The B7H3 gene is a B7H3 full-length gene derived from human, and the HMGB1 gene is a HMGB1 full-length gene derived from mouse.
Furthermore, the eukaryotic expression plasmid adopted by the recombinant plasmid pcdna3-B7H3 and the recombinant plasmid pcdna3-HMGB1 is pcDNA3.1. The eukaryotic expression plasmid may also be any high efficiency eukaryotic expression plasmid vector that can transfect mammalian cells.

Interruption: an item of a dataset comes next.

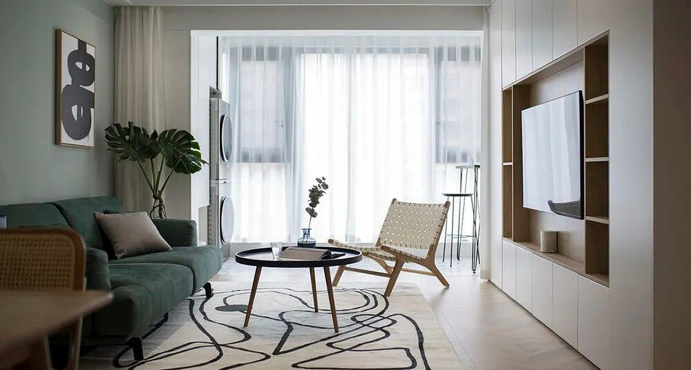 該套房屋面積為89平方米,是一套二居室的全新裝修。其設(shè)計(jì)巧妙,旨在提高居家生活的幸福感。例如,無把手的櫥柜門、弧形的墻角、高低不一的櫥柜臺面以及分離式的衛(wèi)生間等等??蛷d與陽臺相連,創(chuàng)造了更寬敞的視覺效果。輕柔的白色紗簾使客廳光線層次更加柔和,增添了一絲朦朧之美。廚房經(jīng)過封閉處理,與生活陽臺分隔開,只留了一個(gè)小窗戶,確保了廚房的適當(dāng)通風(fēng)和采光。黑色的櫥柜搭配灰色花磚,使廚房散發(fā)出神秘感。傳統(tǒng)的油煙灶具被取消,取而代之的是集成灶,整體更加美觀。臥室作為一個(gè)靜謐舒適的休息場所,裝修簡約并回歸睡眠空間本質(zhì)。淺灰色的背景墻設(shè)計(jì)以及墻上的木地板裝飾,增加了床頭區(qū)域的延伸感,同時(shí)呈現(xiàn)出層次感。原戶型只有一個(gè)面積不大的衛(wèi)生間,為了提高實(shí)用性,在改造和空間整合的基礎(chǔ)上,實(shí)現(xiàn)了三個(gè)功能區(qū)的獨(dú)立設(shè)計(jì)。

Further, the DNA vaccine also comprises a delivery carrier, and the delivery carrier is a folic acid grafted PEI600CyD (H1) carrier. The folic acid grafted PEI600CyD (H1) which takes a biological material as a main component is taken as a carrier, so that DNA vaccine can be effectively condensed to form stable functional nanoparticles for vaccine delivery. Experiments have shown that H1 is safe and effective in mice without significantly elevated serum inflammation or non-specific immune responses, and therefore H1 has better bioaffinity, lower incidence of adverse events and more stable drug delivery efficiency.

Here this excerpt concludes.